The figures $4$, $5$, $6$, $7$ and $8$ are written in every possible order. The number of numbers greater than $56000$ is?
(A) $72$
(B) $96$
(C) $90$
(D) $98$

Answer 1

Hint: In the given question, we are provided with five digits $4$, $5$, $6$, $7$ and $8$. We have to find the number of ways such that the number formed by these digits is greater than $56000$. So, we will place the digits at each place value of the number one by one such that the number formed is greater than $56000$. We will use the multiplication rule of counting the total number of ways in which such numerals can be formed.

Complete answer:
So, we are to form numbers greater than $56000$ using the digits $4$, $5$, $6$, $7$ and $8$.
Now, the digit at the leftmost place cannot be $4$ at any cost as the number won’t be greater than $56000$. So, the number of numbers greater than $56000$ is the digit at the leftmost place is $4$ is zero.

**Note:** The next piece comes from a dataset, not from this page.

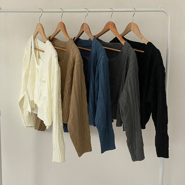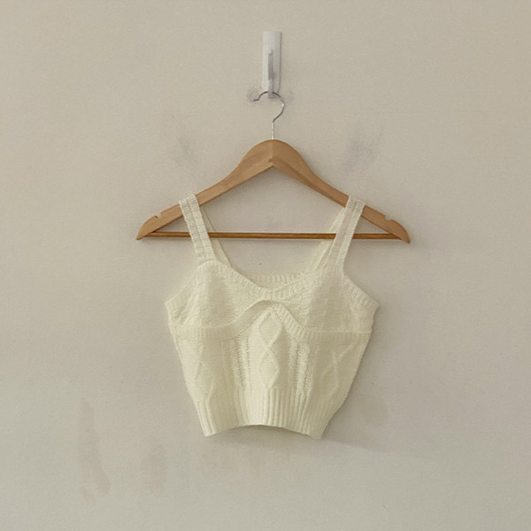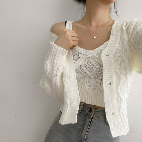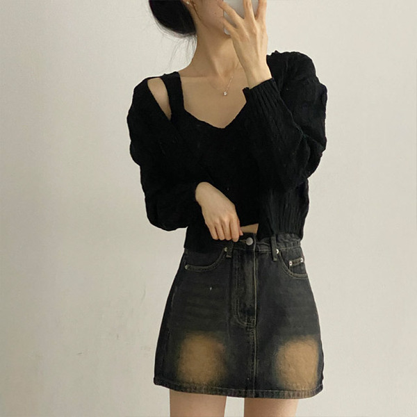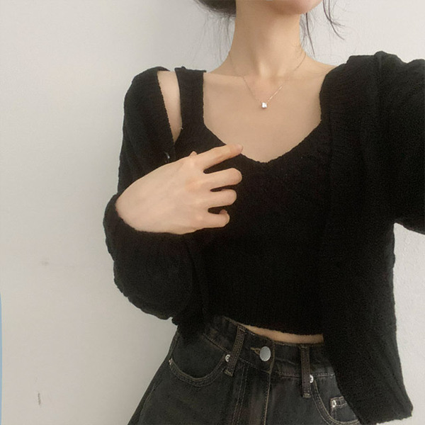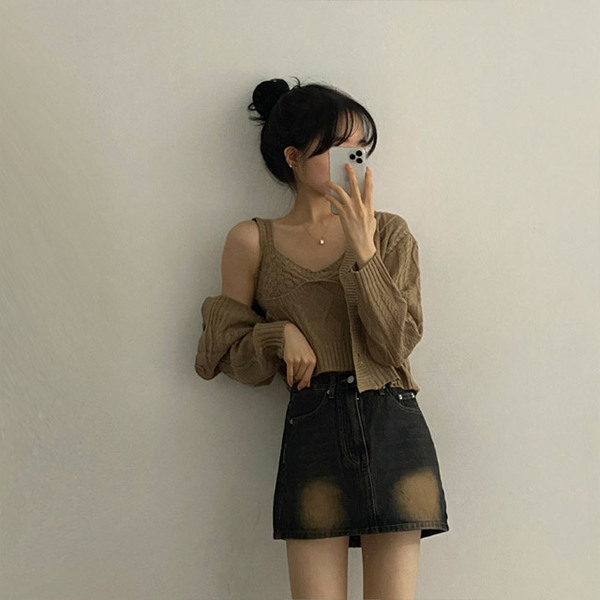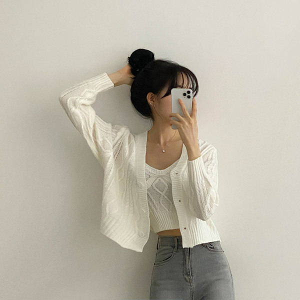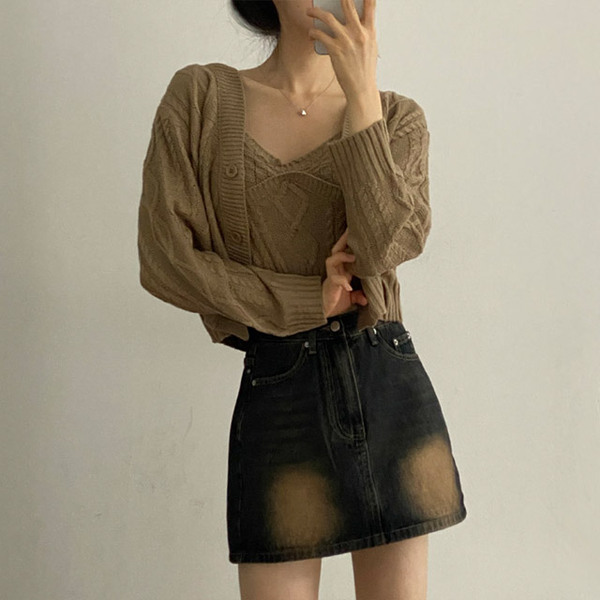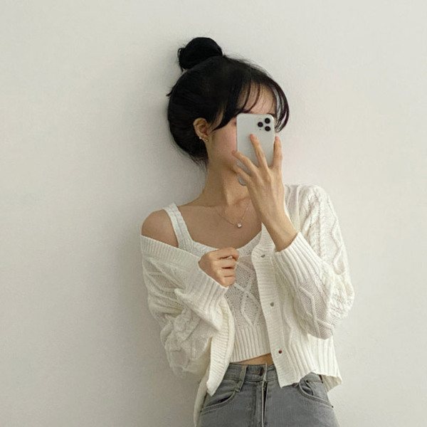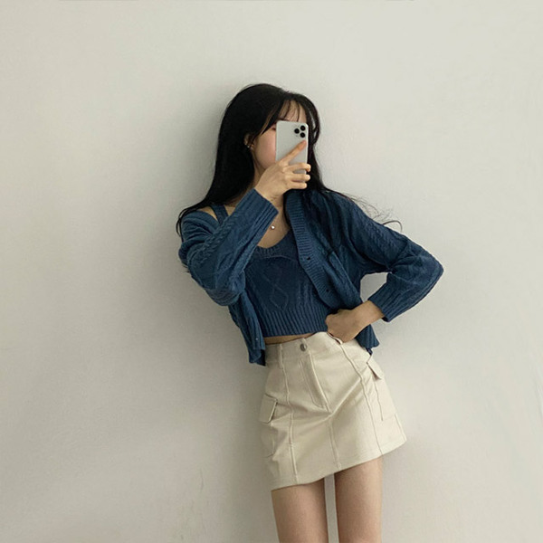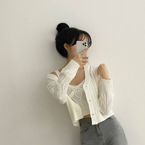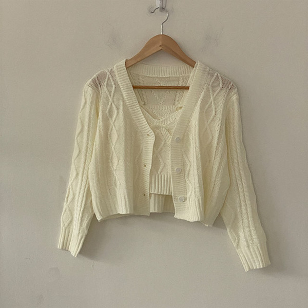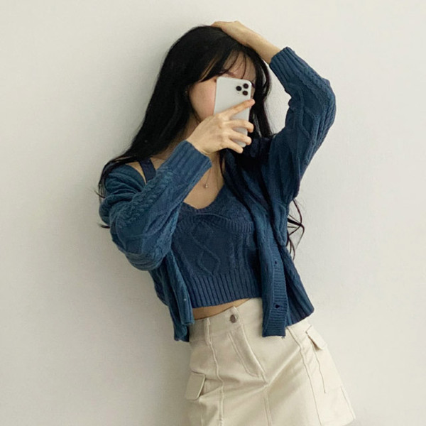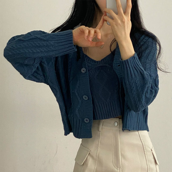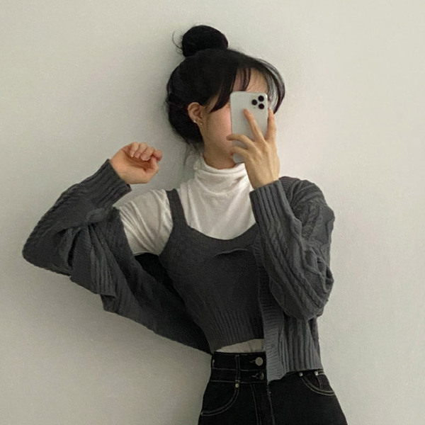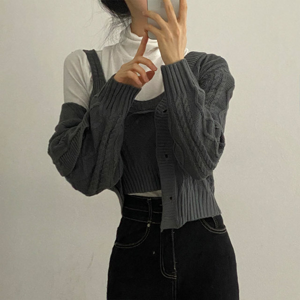 [5color/カーディガン+ノースリーブset]ケーブルツイストクロップドカーディガン+ビスチェノースリーブセット

Also, if the digit at the leftmost place is $5$, then it puts certain restrictions on the placement of the digits in the number. The digit to the immediate right of $5$ cannot be $4$ as the number would not be greater than $56000$ in this case. So, the digits allowed to the immediate right of $5$ are: $6$, $7$ and $8$. So, there are $3$ options for the digit at thousands place. After placing digit at thousands place value, the remaining places can be filled with remaining three digits including $4$. So, the remaining three digits can be arranged in $3! = 6$ ways.

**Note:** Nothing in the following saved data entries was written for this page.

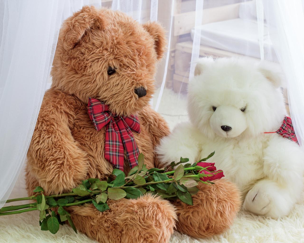 Обои Две белых игрушечных медведя и елочные украшения на Новый год 2018
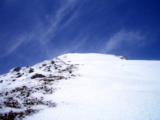 13:30 2702m 2500mの鞍部からは強風のため、アイゼンとピッケルの登頂です。感無量です。さい先よかったはずが7時間かかりました。おやじの体力低下か。 |
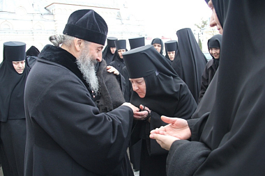 10 января Блаженнейший Митрополит Киевский и всея Украины Онуфрий молился за Литургией в Троицком храме обители, после чего благословил игумению и сестер обители.
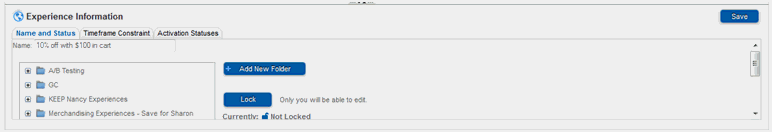 Experience tabs display across the top of the upper work area. Each opened experience will show in its own tab. Close a tab by clicking on the gray X icon in the top right of the tab.
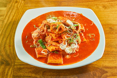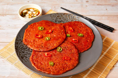 This rice cake is colored with five natural dyes sourced from gardenia, omija, grapes, mugwort, and the like, which are, in turn, mixed into the dough and kneaded with hot water. The filling often features chestnuts, young soybeans, or ground sesame seeds mixed with sugar. Unlike the half-moon rice cakes made for Chuseok, these rice cakes are made to be small, colorful, and dainty for special and happy occasions. One such example is the feast on the 100th day after the baby’s birth, while another in the past was to commemorate the completion of each book used to teach the child in the Village School when the rice cakes were made to be shared with others.
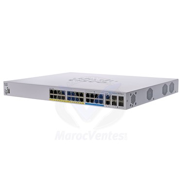 Le switch Cisco CBS350-24NGP-4X propose 16 ports Ethernet Gigabit 10/100/1000 Mbps compatibles PoE+, 8 Ports Ethernet 5 Gigabits 100M/1G/2.5G/5G compatibles PoE++ (60W) pour un budget de 375 Watts et 4 liaisons montantes 10 Gbps (2 SFP+ dédiés + 2 ports combo 10GbE cuivre / SFP+).CBS350 : Switch administrable de niveau 3
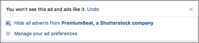 现在,您将永远不会再看到该广告。 如果要删除同一公司的每个广告,请选择“隐藏[公司]的所有广告”。
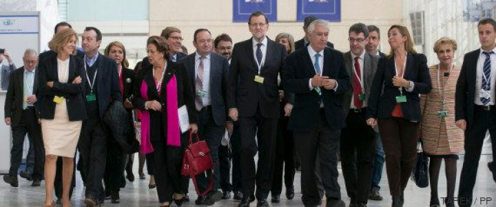 Eso se lleva bajo el brazo Rajoy, que saltará a la pista este jueves para clausurar el congreso. Eso sí, ya ha calentado el ambiente este miércoles y ha atendido a la prensa por sorpresa. El líder del PP ha llegado al Palacio Municipal de Congreso rodeado no solo por el ‘trío La La La’, sino por los Mocedades del PP. Incluso uno puede soñar con que en ese momento sonaba Eres tú. Entre sus coristas estaban María Dolores de Cospedal, Álvaro Nadal, Javier Arenas, Alicia Sánchez-Camacho, Carmen Quintanilla y Manuel Cobo.
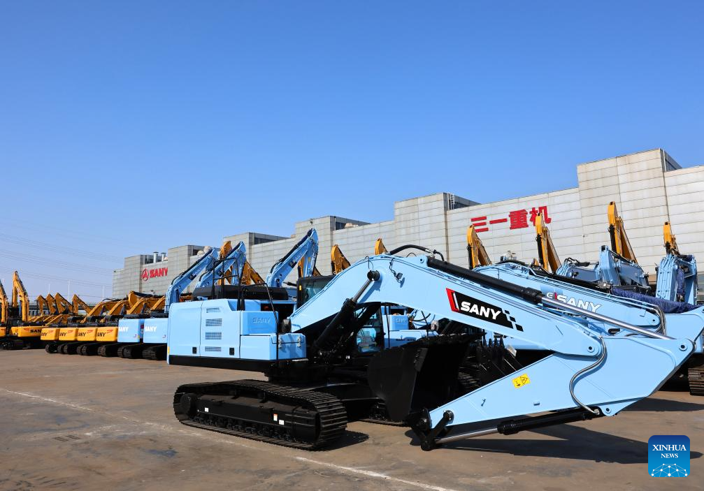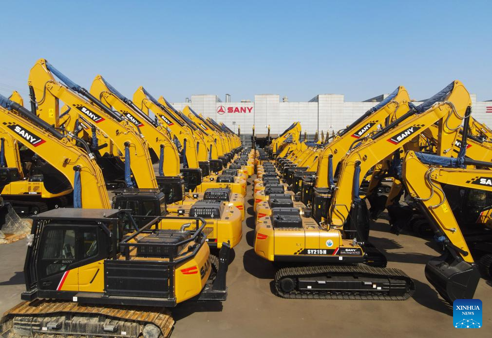 This photo taken on April 15, 2025 shows excavators for export at Shanghai Sany Heavy Machinery Co., LTD. in Shanghai, east China, April 15, 2025. (Xinhua/Fang Zhe)
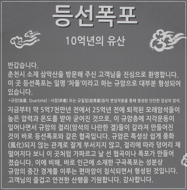 등선폭포 안내문에 차돌(규암)이 대부분 등선폭포를 이루는 암석이라고 한다.
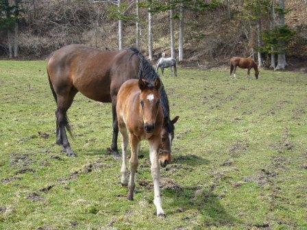 夕方馬を入れようと準備していると、かすか~に聞こえる妙な音。「くしゅー、くしゅー」というその音の正体は・・・チビのいびき よーく見てみると、クッキーのこっこが立ったまま居眠りしてました。か、かわいいこのチビちゃんは、馬房でクッキー母の手入れをしているときに周りを走っていて、母の向こうにまわった瞬間、いびきをかいて寝始めたというエピソードもあります・・・。突発睡眠タイプなんだろうか。うちの夫もいつでもどこでも3分で寝られる人ですが、そういうタイプが馬にもいるのかな?今夜から雨というので、放牧地のボロ拾い、そしてトラクターで地面をならし、浮き上がってきた石を拾い・・・。雨が降ると地盤がゆるんでトラクターが入れなくなるので、昨日今日で一気に片付けてしまいました。今週はうちの馬は出走しなかったので、ひたすら放牧地をうろついていました。でも天皇賞は見ましたよ。ディープインパクトはすごいですねー。なんと言ったらいいのやら。ふつうに当たり前に勝ったという余裕すら感じるレースでした。これからは世界で活躍する馬になれそうですね。馬屋にとってはゴールデンウィークもなにもないわけですが、国道の交通量が増えたり、道行く車のナンバーが見慣れない地名だったり、暦どおりお休みの勤め人からお誘いがあったりすると、連休なんだな~と実感します。昨夜は韓国に赴任して帰国した友人の家からお招きがあり、楽しい夜を過ごしてきました。3家族に4人の子どもたち、それも2歳前後ですからその大騒ぎは推して知るべし。ふだん大人とばかりいるうちの息子なんかはテンション上がりまくりで帰ってきたらぐったりしてました。やっぱり子どもどうしって楽しいんですねー。夫も友人たちが帰省してきて飲みに行ったりしてるし、自分たちがわざわざ遠くに出かけなくてもけっこう連休中は楽しめるものです。子どもが大きくなってきたらそうもいかないのかもしれませんが。
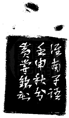 黃嘗銘.卅九歲/刻〔日慎一日〕正方白文界格印。邊款為【淮南子語。壬申秋分,黃嘗銘刻。】原印今藏於唐宗華。芙蓉石。
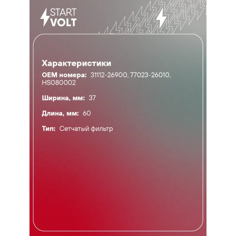 Фильтр электрического бензонасоса для автомобилей Toyota LC 100 (98-) 4.2d/Hyundai Santa Fe (02-) 2.0i Описание: Фильтр (сетка) электрического бензонасоса для автомобилей HYUNDAI SANTA FE, TOYOTA LAND CRUISER.. Сетчатый фильтр – применяется в модулях погружных электробензонасосов автомобильных двигателей с системой впрыска топлива. Предназначен для предварительной очистки топлива от сорных частиц и прочих загрязнений. Эффективная защита топливного насоса и форсунки от засорения. Фильтр грубой очистки состоит из пластикового каркаса с соединительным патрубком и сетчатого материала, натянутого на каркас. Если у вас есть вопросы по применяемости, мы всегда готовы помочь вам с подбором по VIN-НОМЕРУ ВАШЕГО АВТОМОБИЛЯ. Характеристики: Артикул: SFF 1903 OEM номера: 31112-26900, 77023-26010, HS080002 Количество на автомобиль: 1 Тип: Сетчатый фильтр Длина, мм: 60 Ширина, мм: 37 Диаметр, мм: 8 Комплектация: Фильтр-сетка - 1 шт Гарантия: от 1 года.
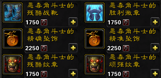 点数需求:双手武器3500,单手2250,副手/盾牌1250,头/胸/腿2250,肩/手/腰带/鞋/饰品1750,护腕/戒指/披风1250,项链2250。
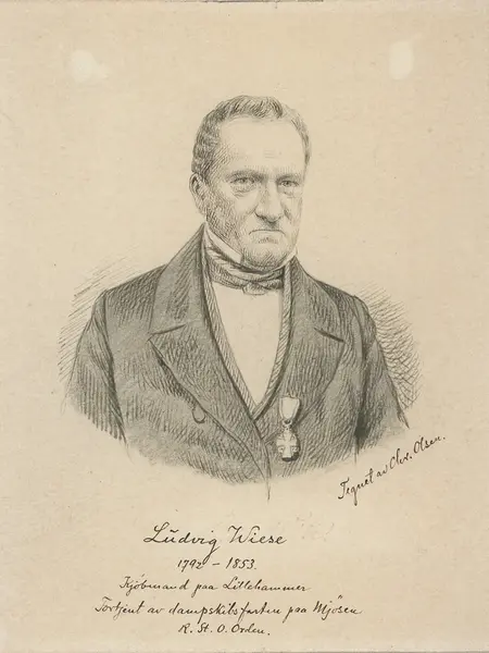 Tegnet av Chr. Olsen. (under motivet:) Ludvig Wiese / 1792-1853. / Kjöbmand paa Lillehammer / Fortjent av danpskibsfarten paa Mjösen. / R. St. O. Orden.

So, the number of numbers greater than $56000$ is $3 \times 3! = 3 \times 6 = 18$ if the leftmost digit is $5$.
Now, if the digit at the leftmost place is $6$, $7$ or $8$. Then, there are no restrictions on the digits being placed at the remaining places as any number formed with the given set of digits and having $6$, $7$ or $8$ as the leftmost digit will be greater than $56000$ under any condition.
So, we have three options to fill the leftmost digit in this case. After filling the leftmost digit, the remaining four places can be filled with four digits in $4!$ ways.

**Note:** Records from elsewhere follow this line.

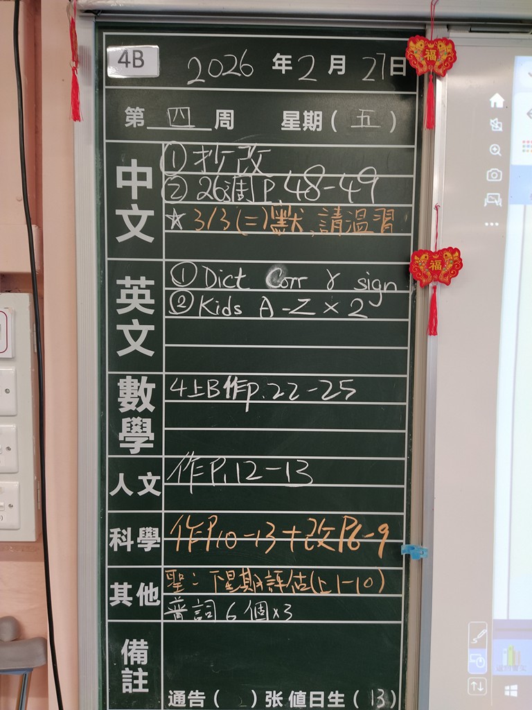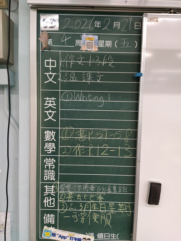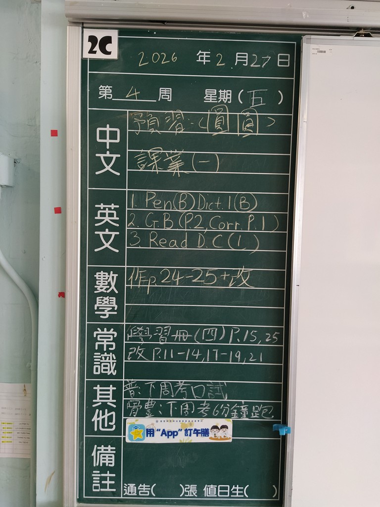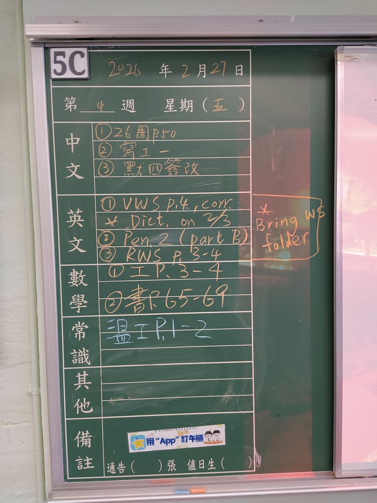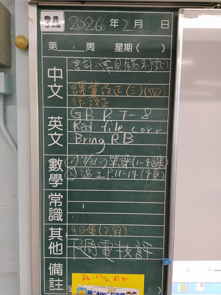 * 注意 :網上家課日誌只供參考,家課內容以上課時老師所述為準,同學應養成即時填寫手冊的習慣 *
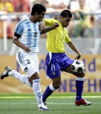 中新網(wǎng)6月29日電 2005世青賽半決賽28日在荷蘭打響,在一場南美德比中,衛(wèi)冕冠軍巴西隊和阿根廷隊聯(lián)手為球迷送上了一場精彩的比賽。最終,憑借著效力于巴塞羅那的新星梅西的獨中兩元,阿根廷以2比1險勝巴西,晉級決賽。
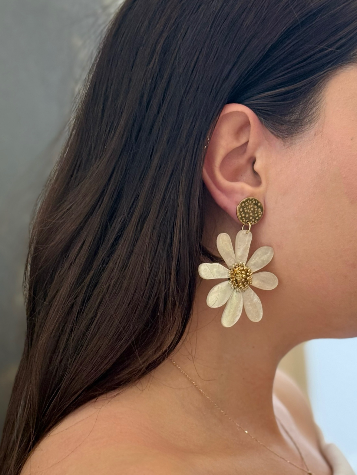 Les boucles d’oreilles Beybûn s’inspirent de la grâce simple des fleurs sauvages. Chaque pièce évoque une marguerite éclatante, avec ses pétales blancs nacrés subtilement pailletés et son cœur doré finement ciselé.
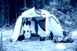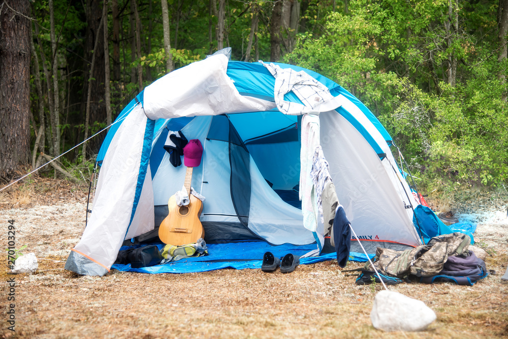 Tent Camping Campsite In The Woods. Wilderness Camping Concept Summertime.

So, the number of numbers greater than $56000$ is $3 \times 4! = 3 \times 24 = 72$ if the leftmost digit is $6$, $7$, or $8$.
Hence, we get the total number of numbers greater than $56000$ is $18 + 72 = 90$.
So, the option (C) is the correct answer.

Note:
In such a problem, one must know the multiplication rule of counting as consequent events are occurring. One must take care while doing the calculations and should recheck them so as to be sure of the final answer. We must find innovative methods of solving such questions as it opens our mind for various other such problems.